ModChemBERT: ModernBERT as a Chemical Language Model

ModChemBERT is a ModernBERT-based chemical language model (CLM), trained on SMILES strings for masked language modeling (MLM) and downstream molecular property prediction (classification & regression).

Usage

Install the transformers library starting from v4.56.1:

pip install -U transformers>=4.56.1

Load Model

from transformers import AutoModelForMaskedLM, AutoTokenizer

model_id = "Derify/ModChemBERT"
tokenizer = AutoTokenizer.from_pretrained(model_id)
model = AutoModelForMaskedLM.from_pretrained(
    model_id,
    trust_remote_code=True,
    dtype="float16",
    device_map="auto",
)

Fill-Mask Pipeline

from transformers import pipeline

fill = pipeline("fill-mask", model=model, tokenizer=tokenizer)
print(fill("c1ccccc1[MASK]"))

Architecture

Backbone: ModernBERT
Hidden size: 768
Intermediate size: 1152
Encoder Layers: 22
Attention heads: 12
Max sequence length: 256 tokens (MLM primarily trained with 128-token sequences)
Tokenizer: BPE tokenizer using MolFormer's vocab (2362 tokens)
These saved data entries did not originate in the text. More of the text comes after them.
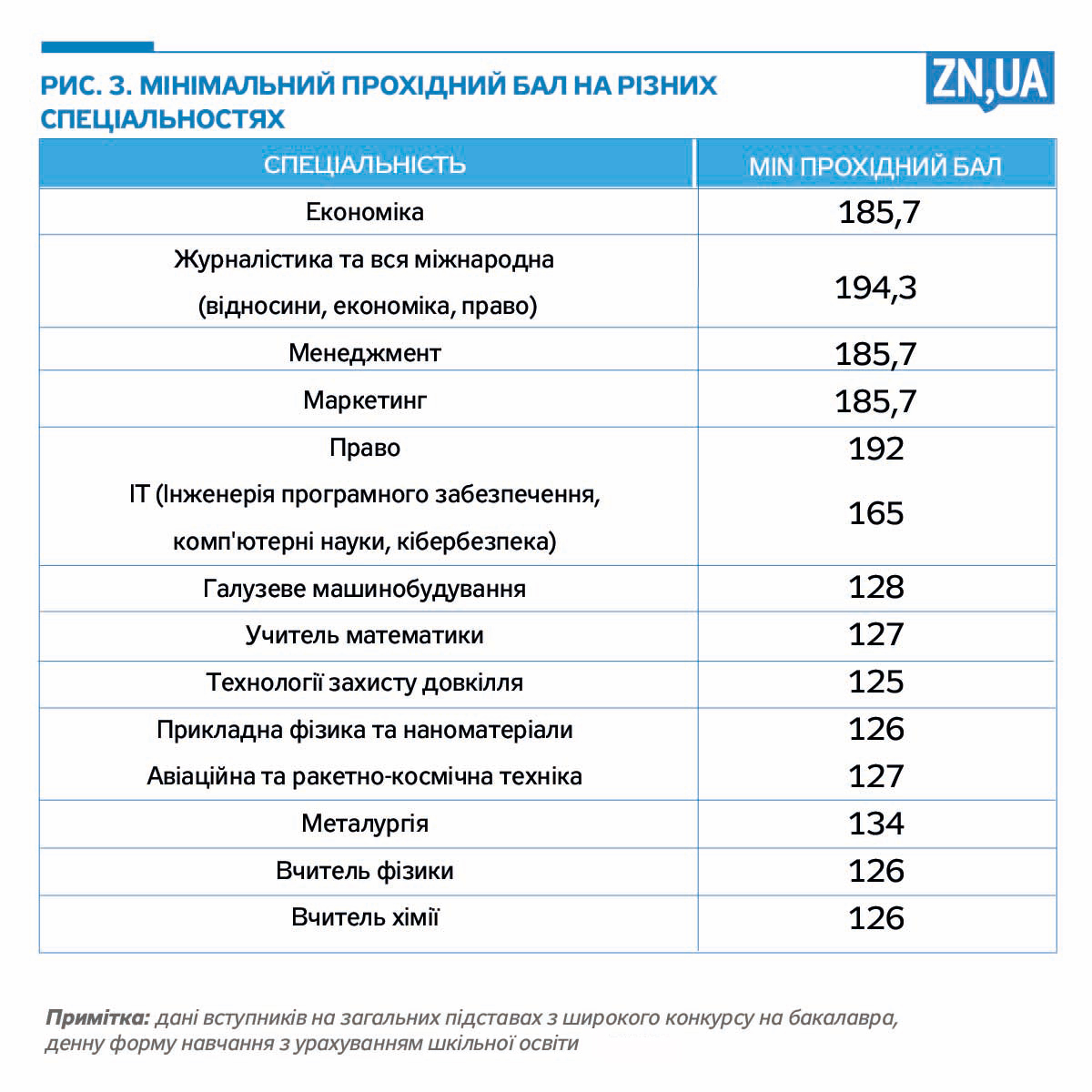 До речі, цього року середній конкурсний бал вступників вищий, ніж попереднього. Зараз він коливається від 150 до 172, а минулого — від 146 до 162. Це і зрозуміло, адже НМТ усе ж таки було дещо легшим, ніж ЗНО попередніх років.
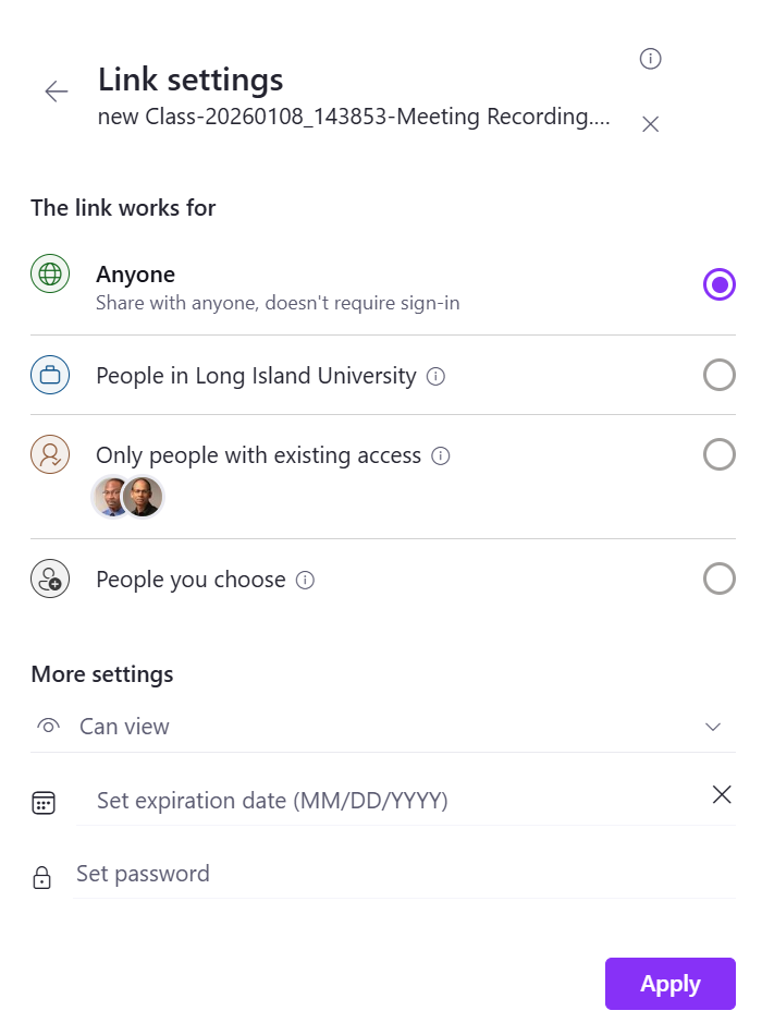 Once the link get’s coped, you can click on the “Settings” to manage the options for your shared link. Unless the video is for a specific person, it is recommended to either use either “Anyone” or “People in Long Island University.” Then click “Apply.”
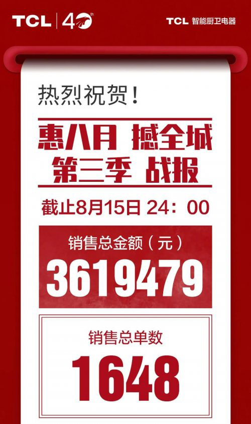 近期,TCL智能廚衛面臨接連遭受河南強降雨天氣、疫情再度雪上加霜后的消費者市場,積極提供暖心服務,先后舉辦6月年中盛宴及第三季#惠八月 撼全城#全省聯動促銷,員工和經銷商伙伴們克服重重困難,因情制宜,線上聯合線下,把溫暖送給消費者及客戶,這些活動得到大家的肯定與認可,也將TCL智能廚衛的暖心服務和趣味傳播送入萬千終端。
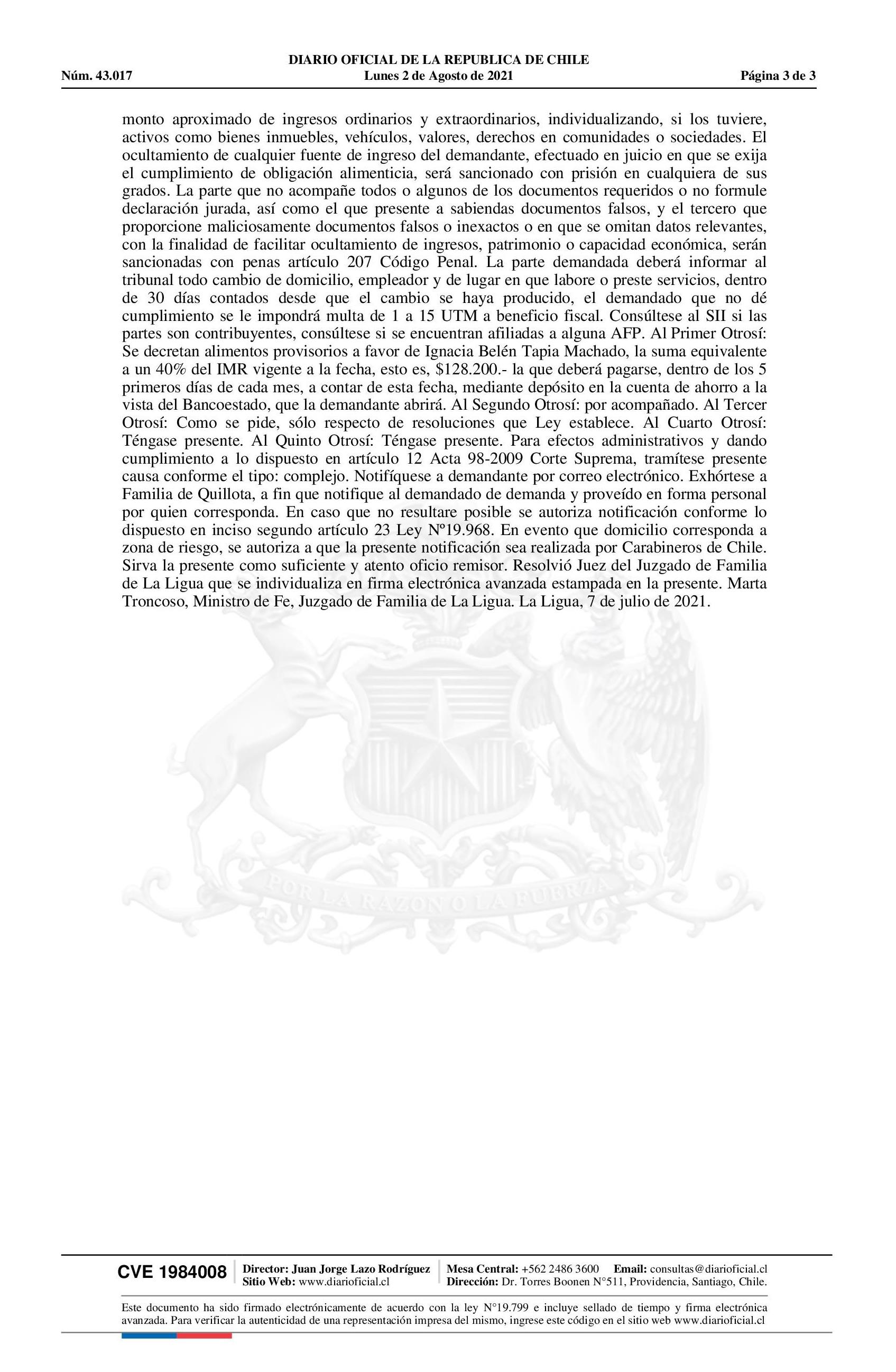 Diario Oficial Edición Electrónica (Diario Oficial de Chile - 3 Public. Judiciales)
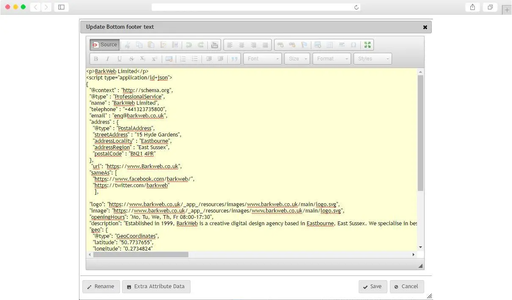 Again, I choose to post JSON-LD scripts into the CSS footer of the page using our custom designed CMS from BarkWeb, as followed;
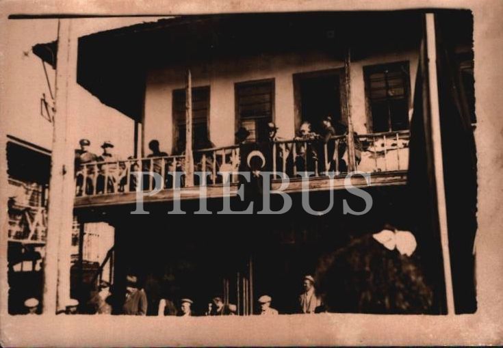 Türk bayrağı asılı eski bir köşkün balkonundan milli bayram törenini izleyen protokol mensupları, 10x7 cm

Pooling (Classifier / Regressor Head)

Kallergis et al. [1] demonstrated that the CLM embedding method prior to the prediction head was the strongest contributor to downstream performance among evaluated hyperparameters.

Behrendt et al. [2] noted that the last few layers contain task-specific information and that pooling methods leveraging information from multiple layers can enhance model performance. Their results further demonstrated that the max_seq_mha pooling method was particularly effective in low-data regimes, which is often the case for molecular property prediction tasks.

Multiple pooling strategies are supported by ModChemBERT to explore their impact on downstream performance:

cls: Last layer [CLS]
mean: Mean over last hidden layer
max_cls: Max over last k layers of [CLS]
cls_mha: MHA with [CLS] as query
max_seq_mha: MHA with max pooled sequence as KV and max pooled [CLS] as query
sum_mean: Sum over all layers then mean tokens
sum_sum: Sum over all layers then sum tokens
mean_mean: Mean over all layers then mean tokens
mean_sum: Mean over all layers then sum tokens
max_seq_mean: Max over last k layers then mean tokens

Note: ModChemBERT’s max_seq_mha differs from MaxPoolBERT [2]. MaxPoolBERT uses PyTorch nn.MultiheadAttention, whereas ModChemBERT's ModChemBertPoolingAttention adapts ModernBERT’s ModernBertAttention. On ChemBERTa-3 benchmarks this variant produced stronger validation metrics and avoided the training instabilities (sporadic zero / NaN losses and gradient norms) seen with nn.MultiheadAttention. Training instability with ModernBERT has been reported in the past (discussion 1 and discussion 2).

Training Pipeline

Rationale for MTR Stage

Following Sultan et al. [3], multi-task regression (physicochemical properties) biases the latent space toward ADME-related representations prior to narrow TAFT specialization. Sultan et al. observed that MLM + DAPT (MTR) outperforms MLM-only, MTR-only, and MTR + DAPT (MTR).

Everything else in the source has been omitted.